Alcuni moscerini ronzavano intorno alle luci crepitanti dei lampioni, mentre sulla strada verso casa c'erano alcune finestre illuminate. Il contrasto di luce e buio permetteva ai passanti di osservare la vita privata dentro quelle abitazioni, chi si preparava per andare a letto, chi ancora si dilettava con qualche programma in tv.
Le strade erano pressoché vuote, se non per qualcuno che portava il cane per una passeggiata serale o altri che rincasavano dopo una lunga giornata di lavoro.

Ripensai subito ai fatti avvenuti poco fa: non riuscivo a scrollarmi via la sensazione delle mani di Ran che percorrevano il mio corpo, toccandolo delicatamente, ma con ardente passione; la sua umida bocca che lasciava tracce del suo desiderio, mentre io ero completamente sotto il suo giogo.

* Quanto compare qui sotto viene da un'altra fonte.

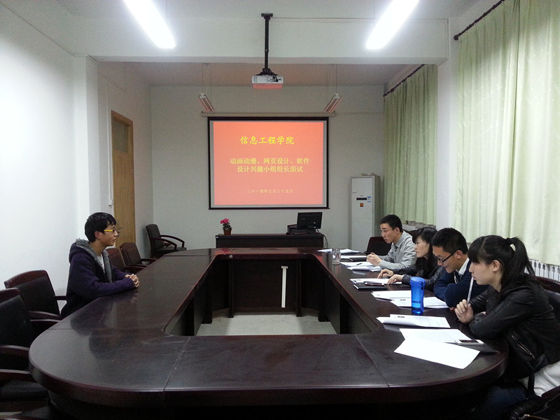 2014年3月25日晚,在91成人 行政楼301进行了动漫设计、网页设计、软件设计三个兴趣小组组长竞选面试。91成人 学工秘书王淑珍、91成人 团工委书记仵亚伟、91成人 13级辅导员党艳东、91成人 团工委学生会主席秦亚恒、副主席宝音以及信息技术部部长张向阳对曾德军等10名竞选者进行了面试。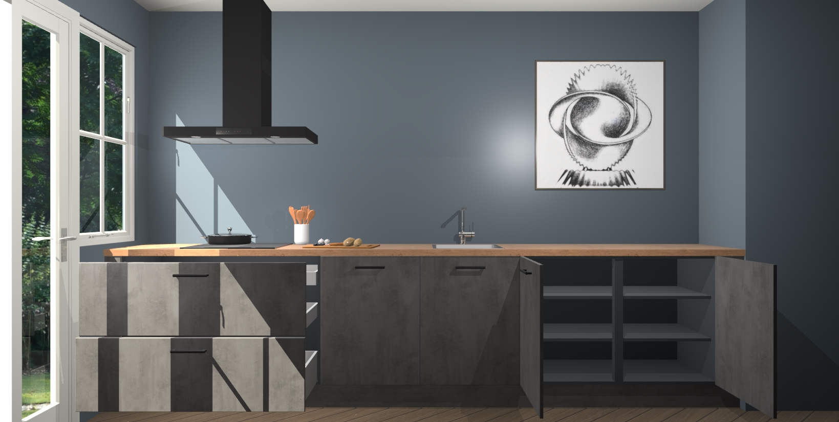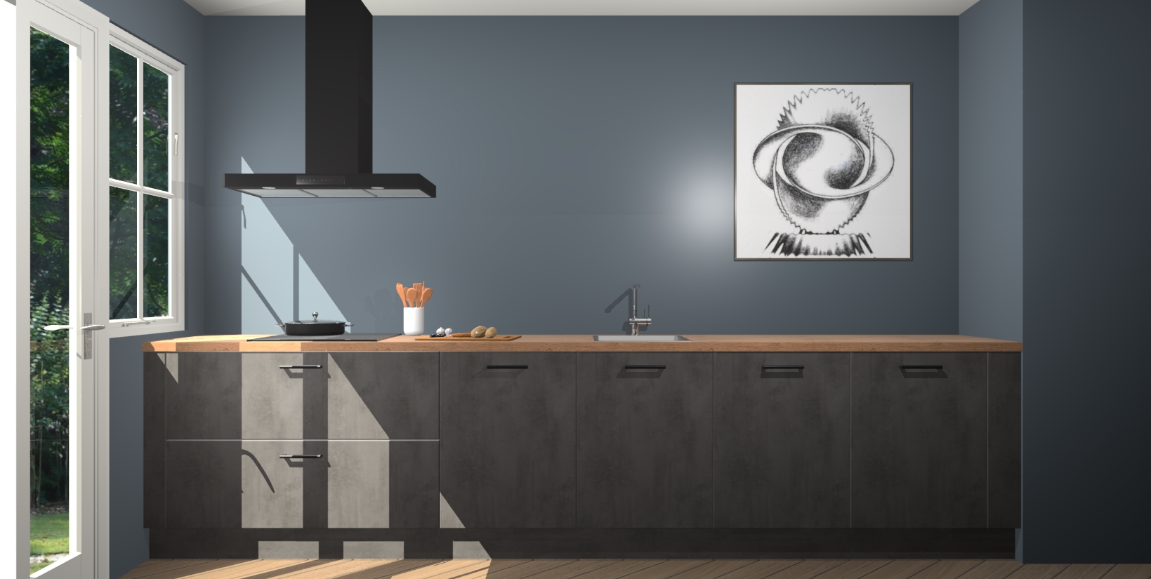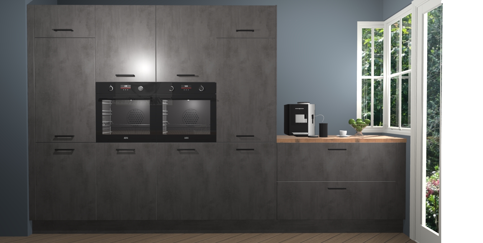Een stijlvolle en praktische keuken als deze mag gezien worden. Dankzij de prachtige beton antraciet matte afwerking wordt de keuken gemakkelijk het middelpunt van uw huis - hij ziet er geweldig uit onder allerlei lichtomstandigheden, van dag tot nacht!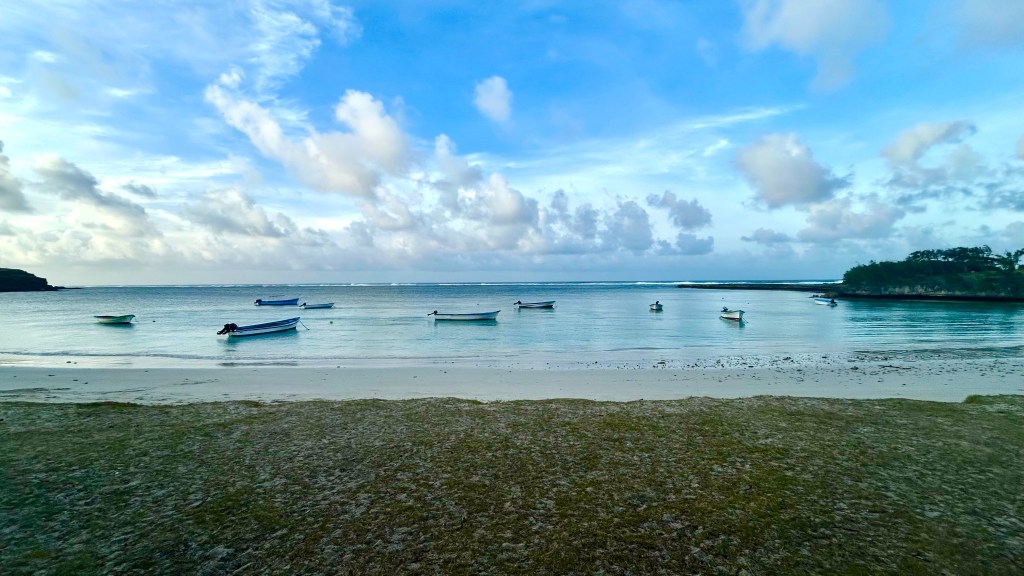 Puis après un bref retour à la maison direction la plus jolie plage de l’île: coton beach! Magnifique baie de sable fin blanc devant un beau lagon et quelques petits bateaux de pêche colorés!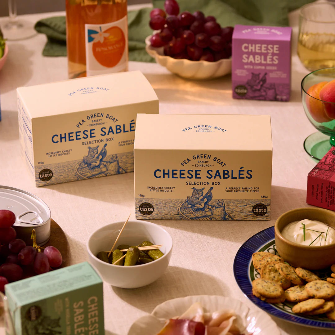 • Can't decide which of Pea Green Boat’s delicious flavours to choose from? Now you can have them all with this handy selection box, containing our Original, Cumin, Fennel & Chilli, and Nigella & Chive Sablés.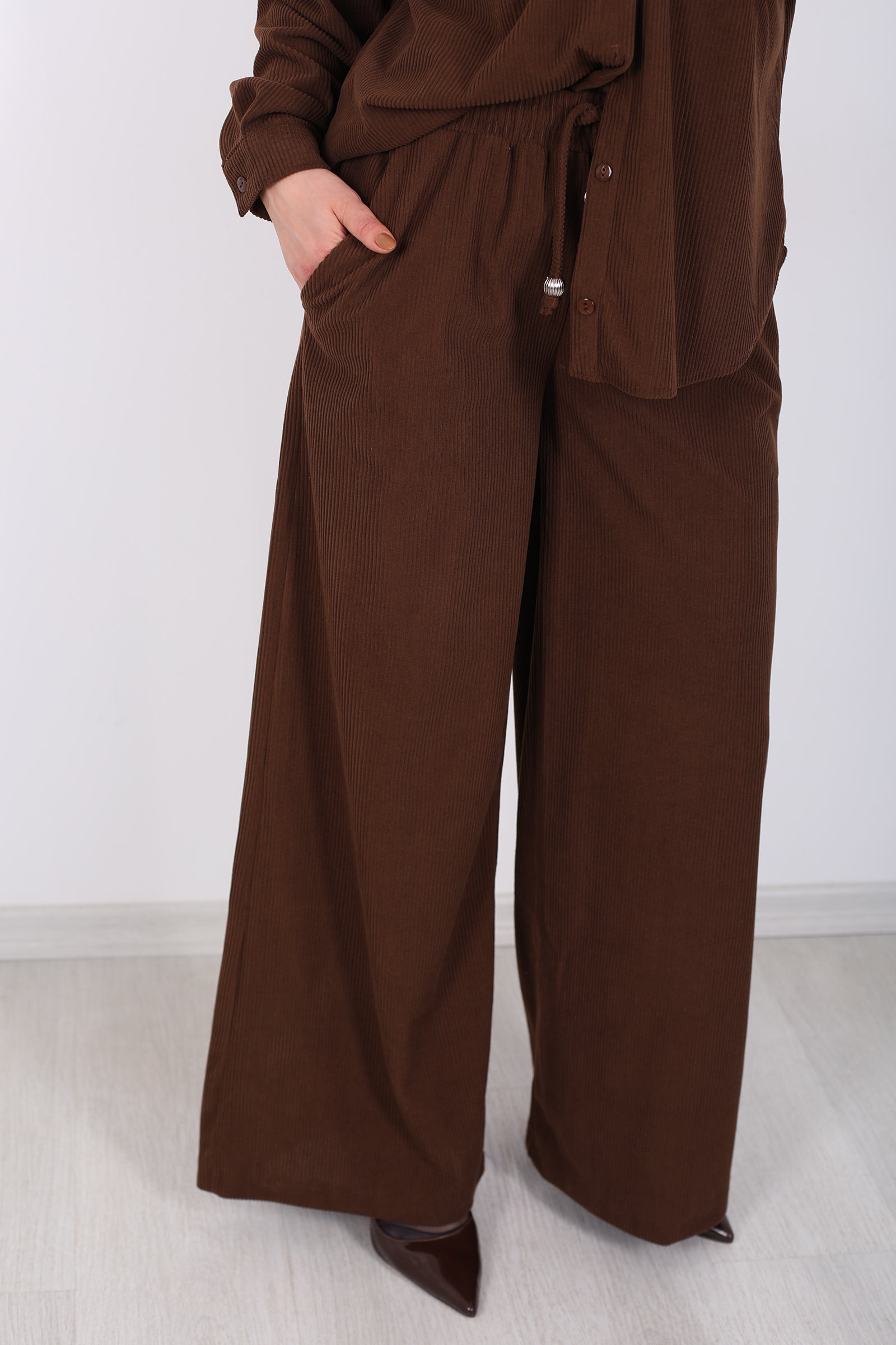 Beli Bağlamalı Bol Paça Acı Kahve Kadın Kadife Pantolon

Nonostante tutto però, la sensazione peggiore era che non riuscivo a star male per Kaori.
Era tutto semplicemente sbagliato, ma comunque continuavo solo a pensare che mi era piaciuto, anche troppo.
Quella donna era spregevole, nessun altro aggettivo le calzava meglio, ciò non voleva dire che si meritava il tradimento, nessuno se lo meriterebbe. Lei lo amava e mi trattava male perché era gelosa di me e del tempo che Ran aveva passato con me in quel periodo; non potevo giustificare il suo comportamento nei miei confronti, perché era irrazionale e ingiusto, ma mi resi conto che i suoi sospetti erano fondati.

Più che colpa sentivo la vergogna avvolgermi come un mantello invisibile, solo io potevo vederlo e percepire il suo peso sulle spalle.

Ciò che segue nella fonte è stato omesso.